-- DATASET CONTENT --

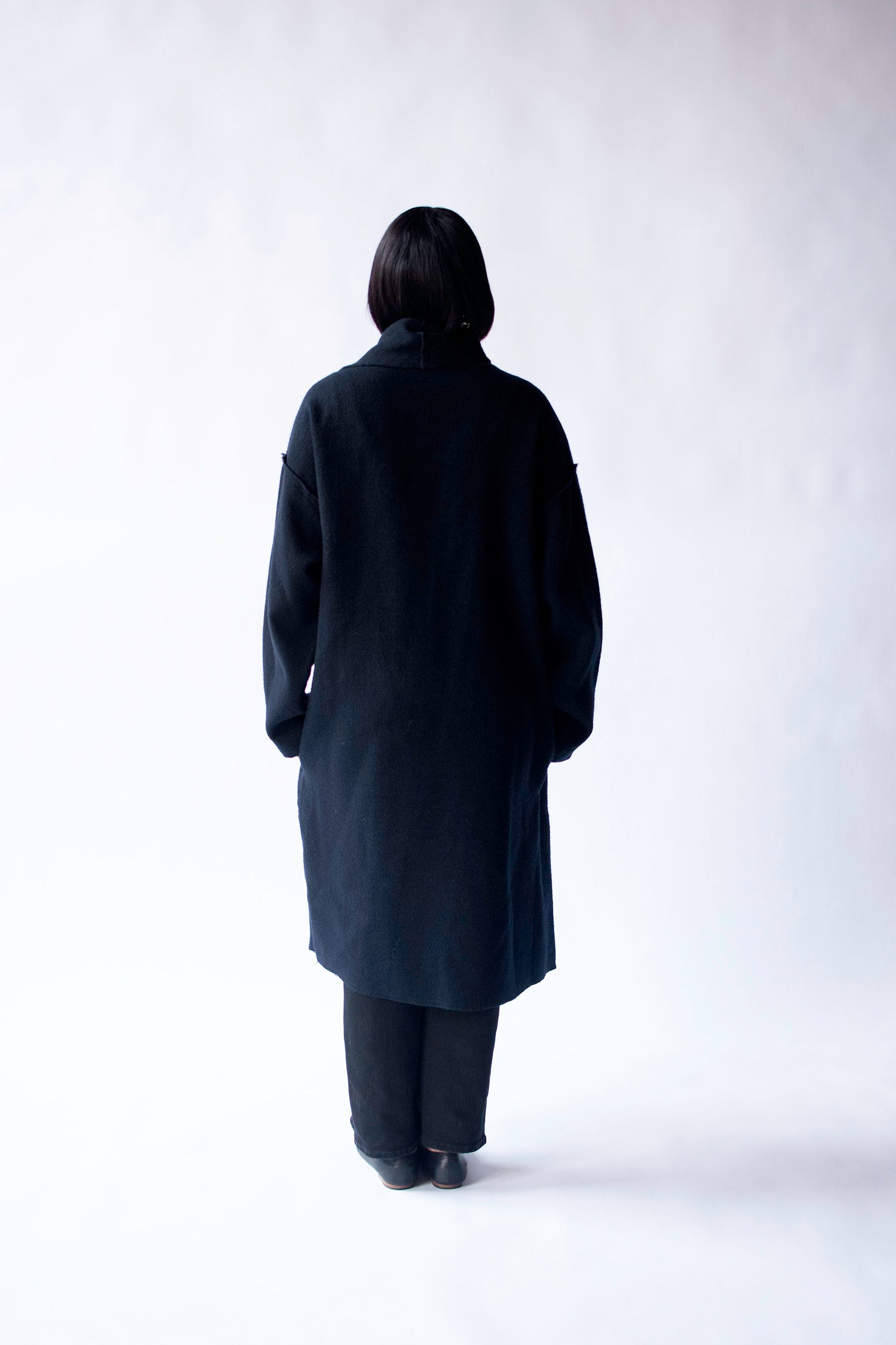 Soft black blanket weight open front coat by Lanvin, dated 2010. metal hook and eye closure and saftey pin closure at front. Intentionally unfinished edging. hip pockets. 59% wool 39% linen 2% cotton blend.
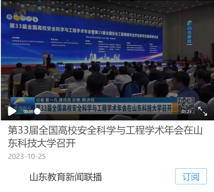 第33届全国高校安全科学与工程学术年会在山东科技大学召开
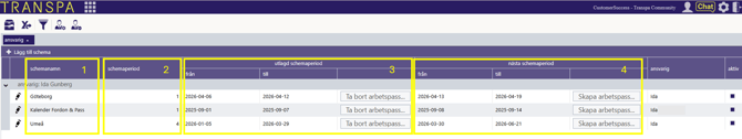2. Schemaperioder: Visar hur många veckor schemat roterar på. Om det står "2" innebär det ett 2-veckorsschema där veckorna skiljer sig åt. Står det "1" är schemat identiskt varje vecka.
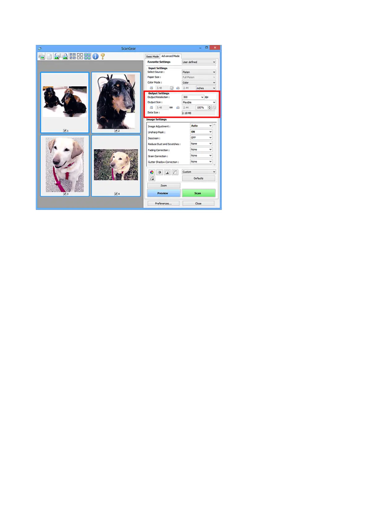 You can specify the output resolution and scale, and adjust the cropping frames (scan areas).

-- YOUR GOAL --
Return all the data above as written, leaving out only the pictures.

-- PROBLEM SOLUTION --
 Soft black blanket weight open front coat by Lanvin, dated 2010. metal hook and eye closure and saftey pin closure at front. Intentionally unfinished edging. hip pockets. 59% wool 39% linen 2% cotton blend.
 第33届全国高校安全科学与工程学术年会在山东科技大学召开
2. Schemaperioder: Visar hur många veckor schemat roterar på. Om det står "2" innebär det ett 2-veckorsschema där veckorna skiljer sig åt. Står det "1" är schemat identiskt varje vecka.
 You can specify the output resolution and scale, and adjust the cropping frames (scan areas).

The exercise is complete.